Paul here turned to a brief discussion of certain objections. First, "What advantage, then, hath the Jew?" He replied, "Much, every way." He then mentioned only one, which he spoke of as being "first of all," meaning of supreme importance, "that they were entrusted with the oracles of God." Therein lay the supreme advantage of the Jew.
Then arises a new question. If man's faith fails, will God be unfaithful? To this the apostle replied that is it impossible for God to be unfaithful. The faithfulness of God is demonstrated by His unchanging attitude toward man. If man sins, God judges him; if man repents, God forgives him.
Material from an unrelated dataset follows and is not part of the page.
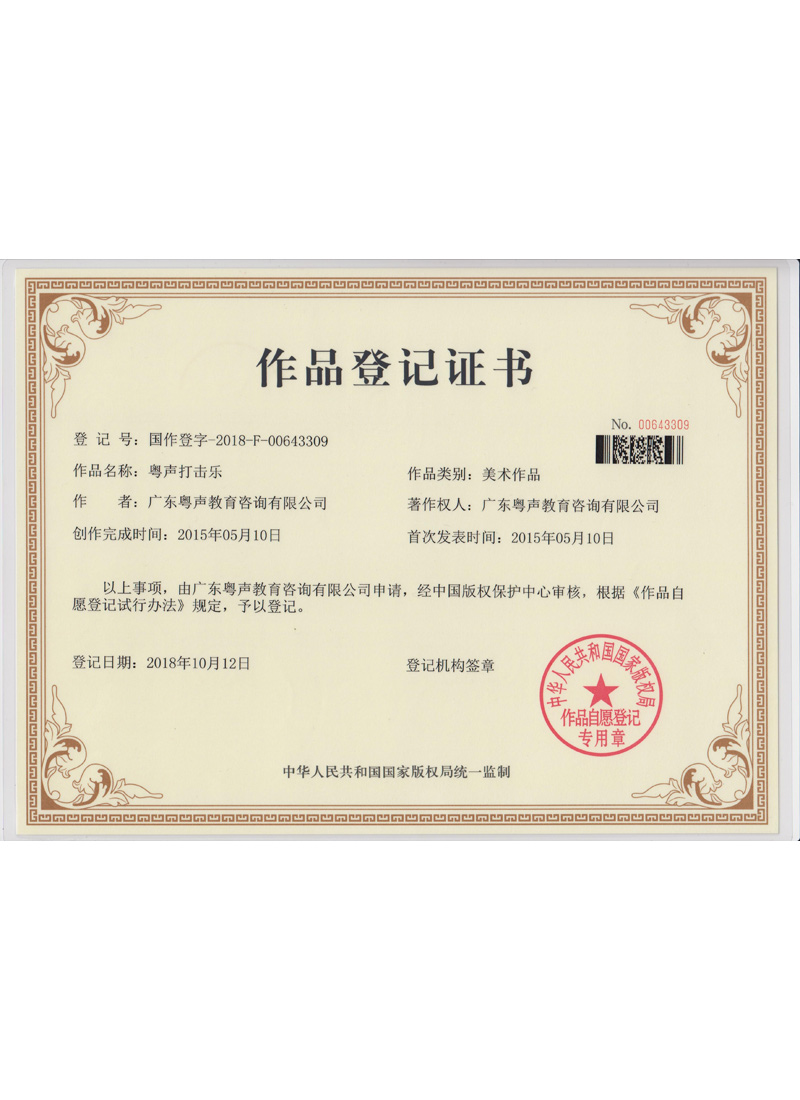 作品登记证书--粤声打击乐

And yet still another question logically follows. If sin is the means of glorifying God by demonstrating His faithfulness, is it righteous to punish the sinner? The reply is that unless God punishes sin He has no basis on which to judge the world at all.
So far, the whole argument presents a picture of humanity from the divine viewpoint. It is so terrible in itself as to create a sense of hopelessness in us.
With the words, "but now," the apostle began the declaration of the Gospel. The whole is summarized in the statement that "a righteousness of God ha& been manifested." This righteousness of God is at the disposal of those who believe.
The apostle then told of the great provision of grace by first naming the foundation blessing, or justification, "by His grace"; and then announcing the medium through which grace has operated to that end, "the redemption," a word fraught with infinite meaning, to be more fully unfolded as the argument proceeds; and finally naming the Person, "Christ Jesus," who has accomplished the work of redemption, which issues in the justification of the sinner.
The work of the Cross is set at the heart of this Evangel of salvation, and is seen to be a fulfilment of God's purpose, by God's Son, for the vindication of God's righteousness, in the action of God's forbearance.
The result is now set forth in a statement that is as startling as it is gracious: "That He might Himself be just," or righteous; "and the Justifier," or the One who accounts as righteous "him that hath faith in Jesus." This is the glorious Evangel.